I told him: "When I talked last Sunday, I had 60 people."

"Did you?" he said. "What did you talk about?" I told him. "What did you say?" I told him.

"But that is not what is worrying me. The fact that you had six and I had sixty, just doesn't seem right to me," I said.

"Oh," he said, "I hope you never say that to me again. Do you know what is happening? No, and it's that that's troubling you. It's that puny self of you counting in numbers. If there is only one, that is all that matters."

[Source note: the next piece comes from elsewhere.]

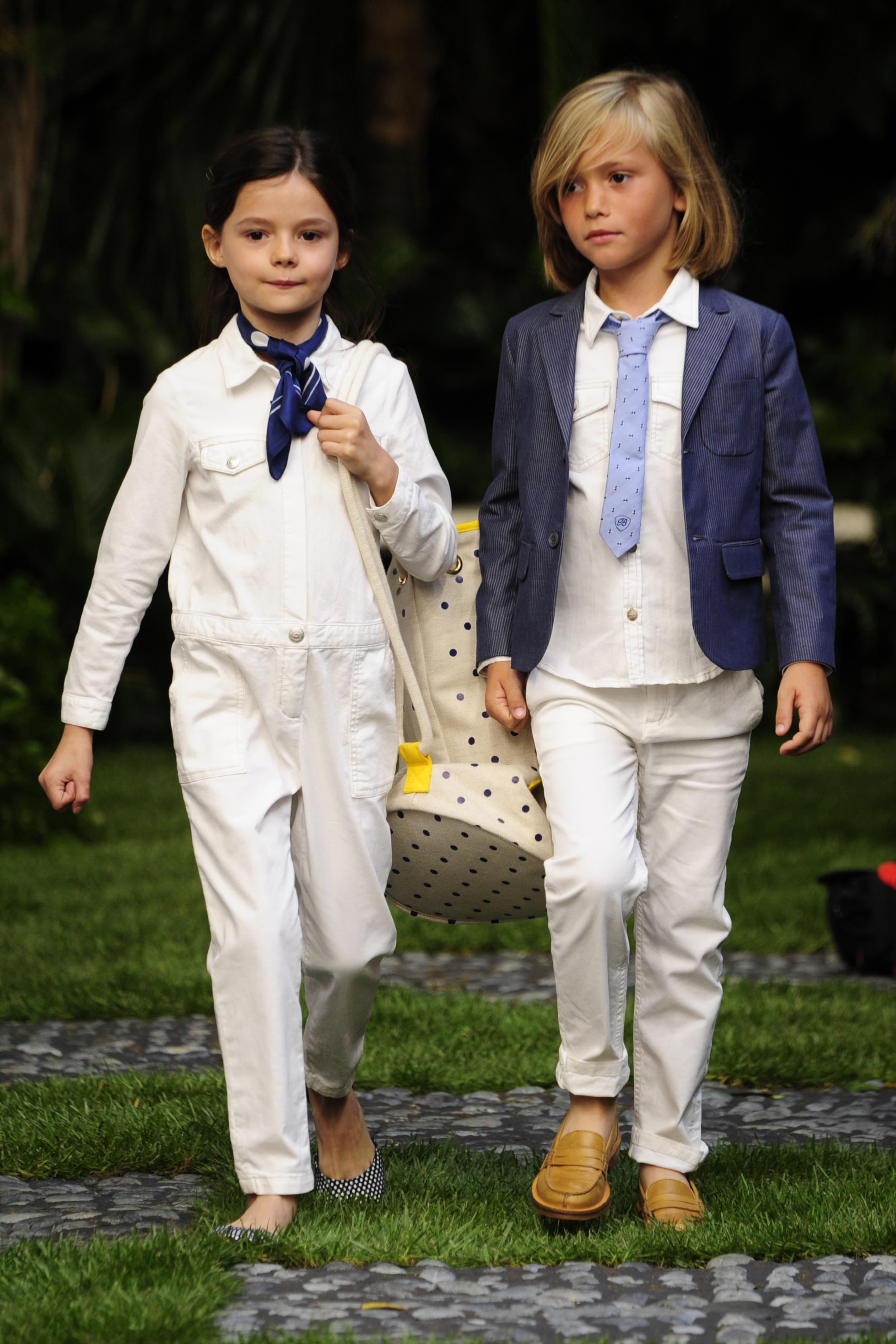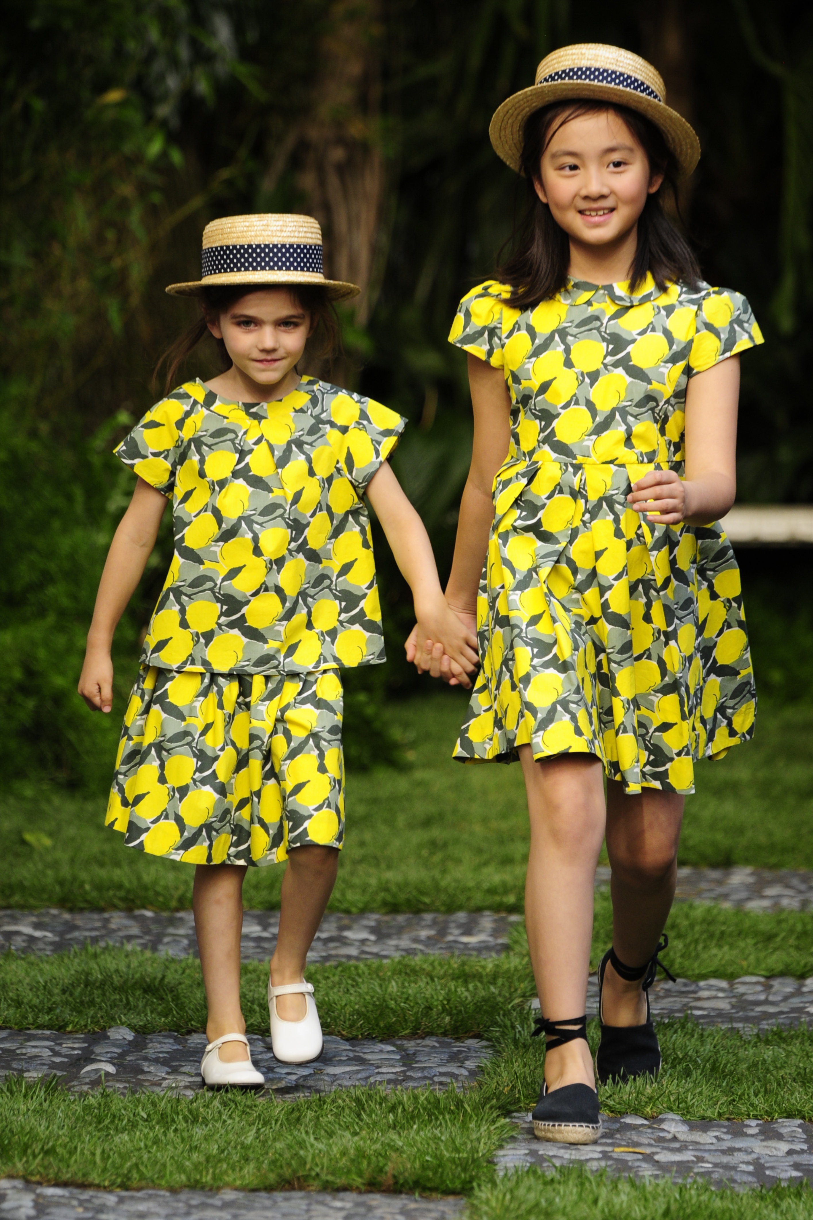 Les palmiers et l’exotisme de Palm Springs, se lisent dans les robes trapèzes avec col et les robes en organza de soie rebrodée. Les enfants aiment rire, et portent des tenues qui prouvent leur amour pour la vie : jaune acide, jaune poussin, blanc, faux noir, rose fard…

These things sank deep, and I would not for my very life do anything to belittle the cause. Then when he asked me to address the meeting in Cardiff, I said: "What, me? I am the youngest member in the Society." "You may be this incarnation, but you have tapped it before," he said. I have been very jealous of the meetings, very jealous of theosophy, because I would not for my very life do or say anything that would belittle it. And that is the reason why my question. Believe me, although they are Spiritualistic meetings, it is theosophy they get.

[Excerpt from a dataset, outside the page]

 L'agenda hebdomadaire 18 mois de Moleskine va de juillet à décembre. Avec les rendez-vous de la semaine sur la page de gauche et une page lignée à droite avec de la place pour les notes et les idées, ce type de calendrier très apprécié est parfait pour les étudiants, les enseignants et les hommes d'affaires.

JAL: Well, I don't care if you speak theosophy to half-tight miners in a pub, that is all right with me. There is as much gold in the hearts of people there as you would find in the finest churches on Fifth Avenue in New York. So don't think that the leader is going to stop anybody from carrying the flag of theosophy to the hearts of people, I don't care where it is. If KT could go into the prisons and talk to men of every kind, and tell them that there is still a chance for them, you can tell the Spiritualists whatever is in your heart. They will perhaps understand a great deal more than we realize.

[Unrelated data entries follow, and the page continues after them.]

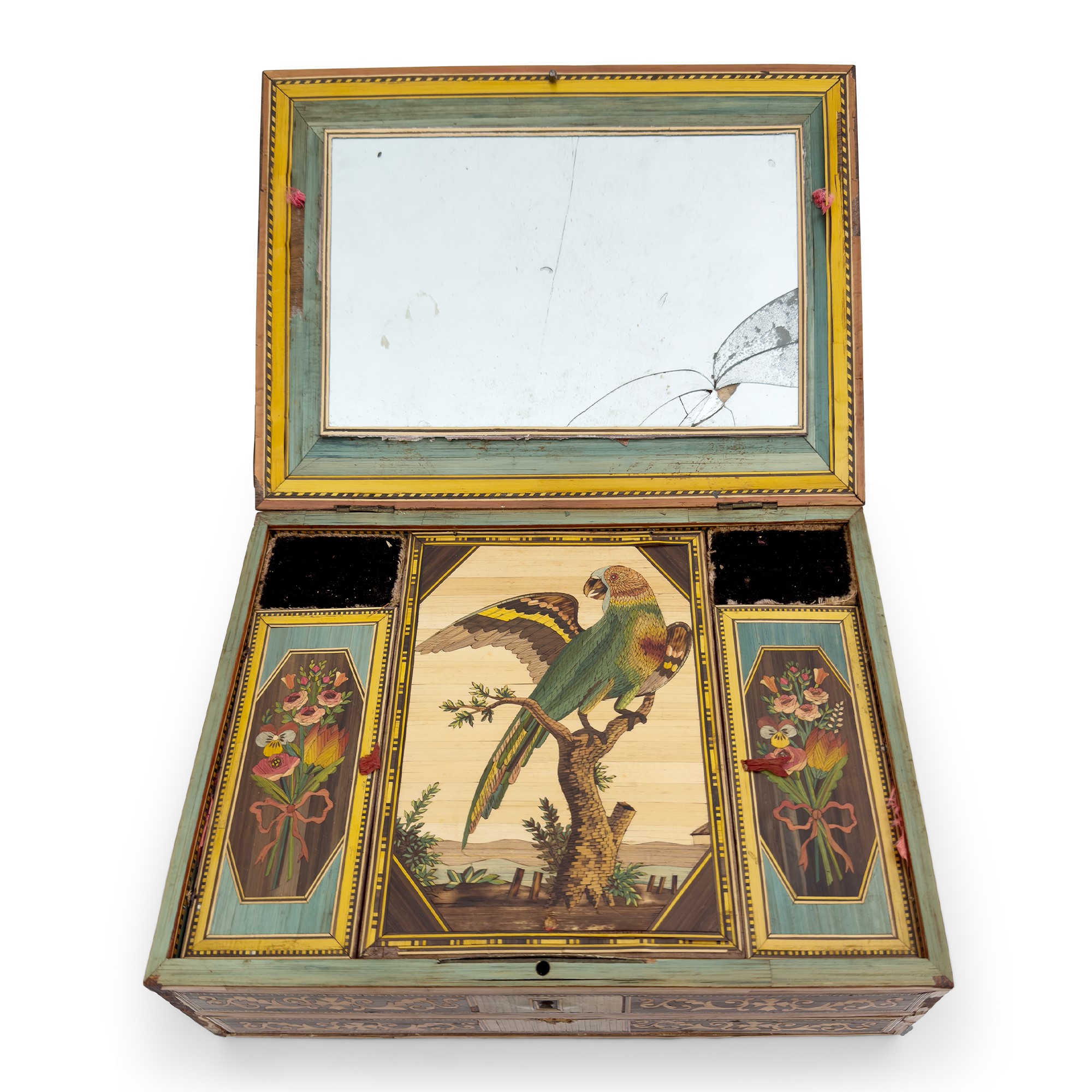 coperchio decorato da una veduta marina eseguita con pagliuzze, apribile su vano all'uopo caratterizzato da scomparti decorati con la medesima tecnica a raffigurare pappagalli, architetture, mazzi di fiori e altri soggetti ispirati all'amore; un tiretto sul fronte, cm. 8,5x27x20 (difetti significativi)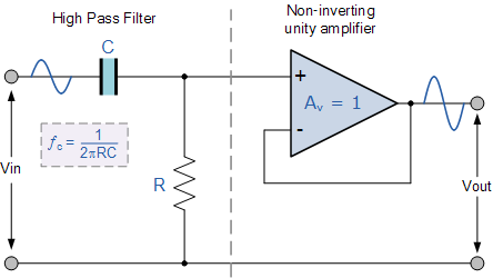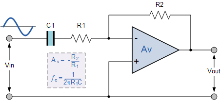 高电平的基本操作通过滤波器(HPF)与其等效RC无源高通滤波器电路相同,不同之处在于该电路具有运算放大器或包含在其设计中,提供放大和增益控制。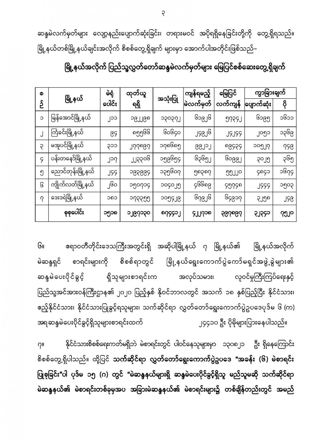 ရန်ကုန်မြို့နှင့် မန္တလေးမြို့အတွက် ရည်ညွှန်းလက်ကားဈေးနှုန်းများနှင့် ပြည်ထောင်စုနယ်မြေ နေပြည်တော်၊ တိုင်းဒေသကြီး/ပြည်နယ် မြို့တော်များအတွက် ရည်ညွှန်းလက်လီဈေးနှုန်းများ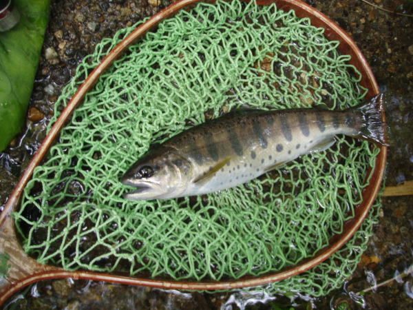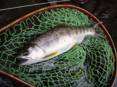 慎重にネットでヤマメをすくう。まあ、まともなサイズ。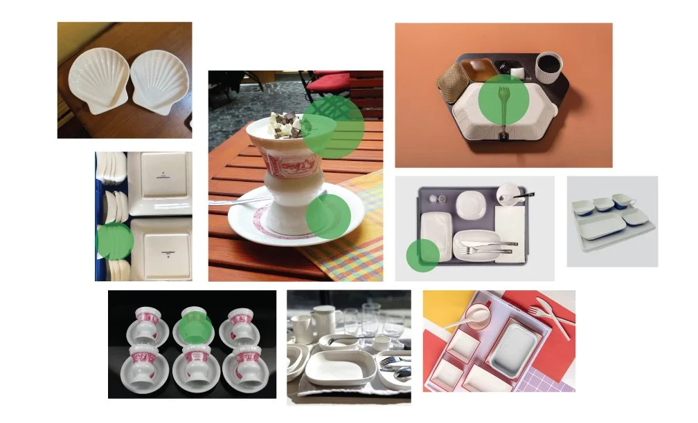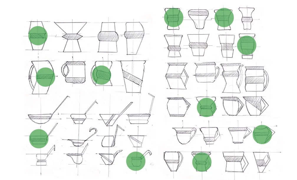 Based on my breakdown, I sketched various forms for the dishware pieces I would need. I found that forms with inverse curves stood out for their Rudeshiemer-like form and potential stackability.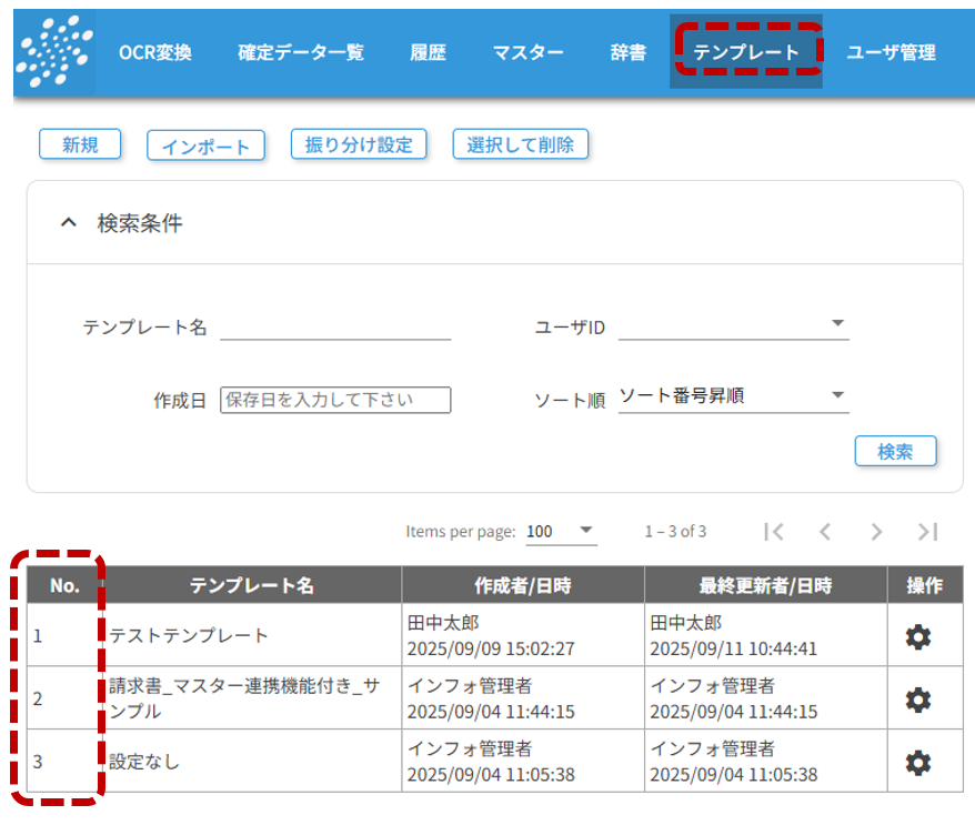 * テンプレートIDを指定 ... スマートOCRの「テンプレート」のページの中にあるテンプレートのリストの番号を指定してください

Mr. Lucas: Well, I can assure you they are getting it and appreciating it, although they don't know it as theosophy. They are swallowing it all right, and some day it will bear fruit.

JAL: Thank you very much, Mr. Lucas. Are there any more questions?

Hilda Harries: I wondered if there is any work one can do to help the Headquarters? I cannot do a lot of theosophic work, but if there are little things that can be done to keep up a sort of link with the Headquarters.

JAL: There may be some things later on. Of course, we don't have the translation problem here, although sometimes when I am spoken to by a taxi driver or a porter, I wonder if I don't need an interpreter, because there are more kinds of English in England than there is Dutch in Holland! In the meantime the best thing that a member can do is just to be the finest example you know how. Try to live the Golden Rule, and things will turn up to do, even if it is just a kindly word here and there to somebody who is having a little pain in his or her heart. That helps Headquarters far more than you realize. It keeps that circulation between Headquarters and the world alive. However, I know what you mean, and at the moment while the organization of the English Section is in transition, I would not know how to answer it. I may be able later on to have a suggestion or two. Any time you care to write and discuss anything that you may have on your mind, do not hesitate to send a letter to Pasadena. After all, this is a partnership in the full sense of the word. I will not be able to maintain a running correspondence with every member, but I will get the letters, and they will receive attention.

Mr. Griffiths: I am a very young member in the Movement, and I have not had contact with anyone except the two members who are now in Ferndale. I am very interested in the literature, and I do feel I know more about it after my visit here tonight.

JAL: Well, keep this in mind, that if you love theosophy you will be given the answers even though you may not have read all the books. When I was young in the work I wanted to be a public lecturer and go out and tell people all about this wonderful philosophy that would help them in their lives, and I wanted to get in a lot of members, which was perfectly natural. I spoke to Colonel Conger about my education. I had formal education only through high school, for after graduating I never went further, except with business courses to prepare myself for earning my living. I did educate myself to a degree since, but not in any formal sense, and I felt my lack of vocabulary and my lack of —

Mr. Urquhart: You did not use enough big words!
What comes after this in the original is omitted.